# Hunter Irrigation System



## BruceAlmighty22 (May 12, 2021)

I currently have a Hunter - XC600I - 6-Station Indoor Controller that was installed by the builder a couple years ago, but I would love to have something that I can control from my phone. I wanted to get this communities opinion on the best route I should go. I'm an accountant, not an electrician, so hopefully it's something fairly easy to install.


----------



## Ware (Jan 28, 2017)

BruceAlmighty22 said:


> I currently have a Hunter - XC600I - 6-Station Indoor Controller that was installed by the builder a couple years ago, but I would love to have something that I can control from my phone. I wanted to get this communities opinion on the best route I should go. I'm an accountant, not an electrician, so hopefully it's something fairly easy to install.


I would say Rachio is the crowd favorite.


----------



## corneliani (Apr 2, 2019)

I started out with the small B-Hyve (available & in stock on my local Home Depot shelf) just to play with and see what features I like/want/need in a "smart" controller , and have since transitioned to the Rachio. If you're just looking for wi-fi controller access then that B-Hyve at $80 should suffice. But if you want a system that can anticipate rain events and calculate ideal next-watering times based on evapotranspiration rates and the like, then the Rachio is a step or two above. It takes time to dial these settings in though so make sure it's something you care about. But for simple on/off app access and basic rain sensing/delay functions that BHyve was enough.



Quick EDIT: As for the install, it's a bit like hanging a picture. You need to drill holes in the wall to hold the controller up and then a quick transfer of the wires from your old controller (take a picture first so you don't change the valve assignment).


----------



## Bean4Me (May 13, 2020)

I just installed my rachio last night. I don't have my zone audits setup so I'm just using the fixed schedule but this thing is pretty sweet. The 12 zone model is currently on sale at costco.

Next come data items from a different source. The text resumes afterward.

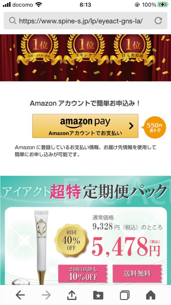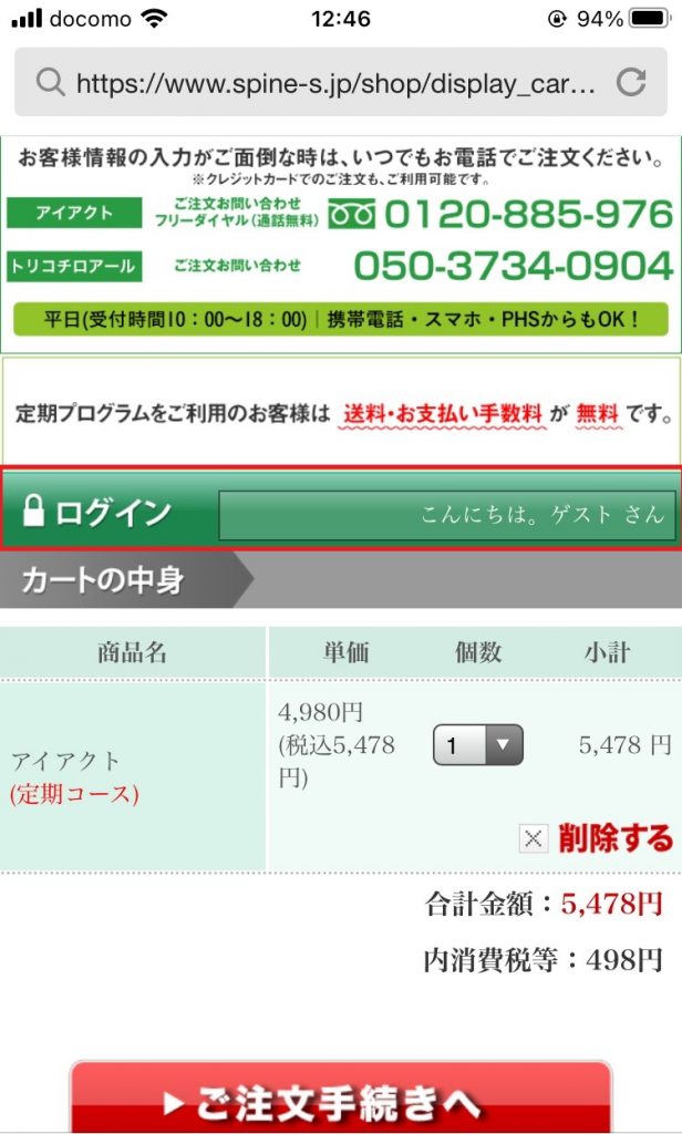 凄く分かりづらいですし、すぐ下の購入画面がありますので、間違えてご注文の手続きへを押してしまったりなど、そのまま進んでしまうと必要もないのにアイアクトを購入してしまうことになりますので、よくよく気を付けて下さい。とても重要なことです。
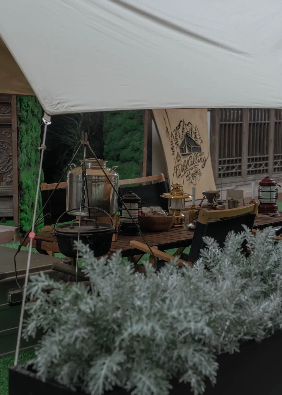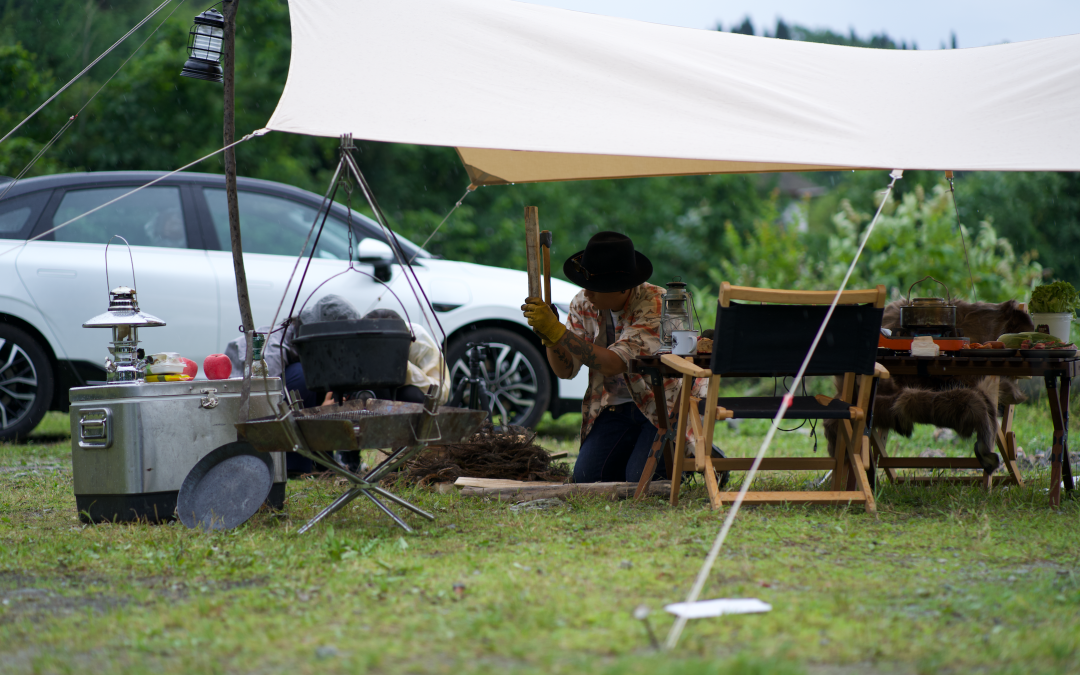 地面满铺苔癣,天幕帐篷下,是让人们着迷的“Glamping”典型式户外桌椅,上面摆放着高品质的露营器具:钛质杯具,咕嘟冒烟的咖啡壶,音箱,烧烤架,以及在微风中摇曳的烛光。而停放在一旁的小鹏P5,超大的后备箱足以轻松存放露营所需的物品与食物,当它敞开时,仿佛像伸开的臂膀,为久居城市的人提供幻梦的入口。
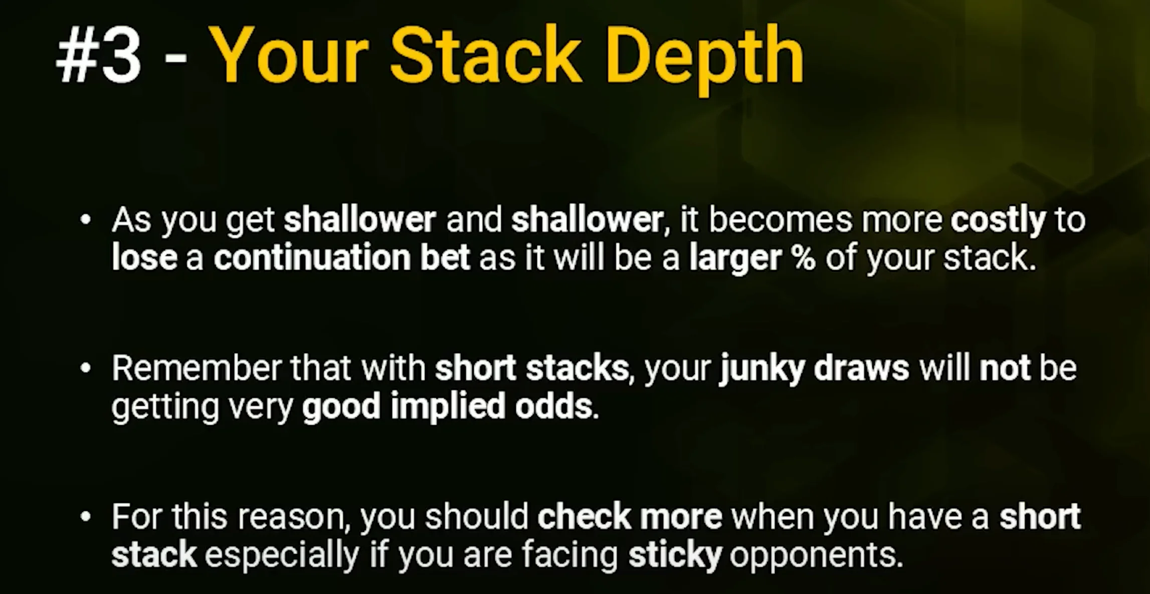 Next, the stack depth, the effective stack depth is very important, not just your stack, but also the stack of everyone involved in the pot. As the stacks get shallower and shallower, it becomes more costly to lose a continuation bet because it will become a larger percentage of your stack.
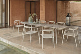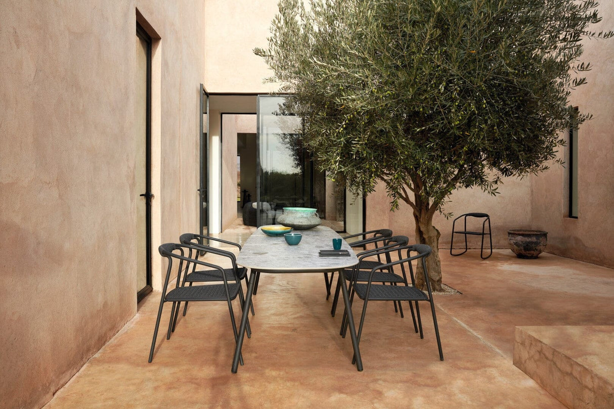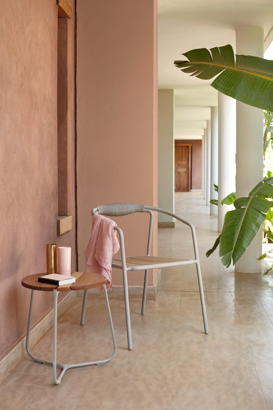 Die luftigen Linien der Sitzmöbelkollektion Duo strahlen Reinheit und Finesse aus. Der Esszimmerstuhl sowie der Duo-Schaukelstuhl bestehen aus zwei gefalteten Aluminiumrahmen, die den Eindruck erwecken, durch Seile verbunden zu sein. Der Schaukelstuhl Duo gewann den Archiproducts Design Award 2018 in der Kategorie „Outdoor“.
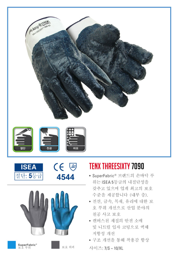 • SuperFabric? 브랜드의 손바닥 부위는 ISEA 5등급의 내절단성을 갖추고 있으며 업계 최고의 보호수준을 제공합니다 (내부 층).
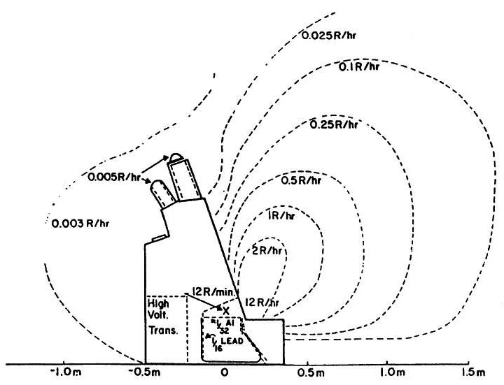 図中の線量分布を見ると,計測部の足の位置では12R/minで,吸収線量は(1R≒1radとすると)120mGy/min,実際の透視時間は1回20秒程度であったとのことなので,1回40mGyであれば急性障害を来たすほどでない.観察スコープの位置では0.005R/hr ≒ 0.05mGy/hrで,おそらく健康被害は実際になかったのであろう.しかし,X線装置が野放しの状態で1960年代まで使用されていたということは驚くべきことである.

https://www.costco.com/rachio-3-smart-sprinkler-controller,-12-zone.product.100481393.html


----------



## Utk03analyst (Jun 8, 2019)

I purchased a gen1 16 zone Rachio on ebay for under $60 and couldn't be happier.


----------



## jeffjunstrom (Aug 12, 2019)

If you're looking for continuity of manufacturer, I have a Hunter PHC 600 which pairs via the Hydrawise app. I'm happy with the setup; apparently not as controllable/in-depth as some others, but it does what I need, when I need.


----------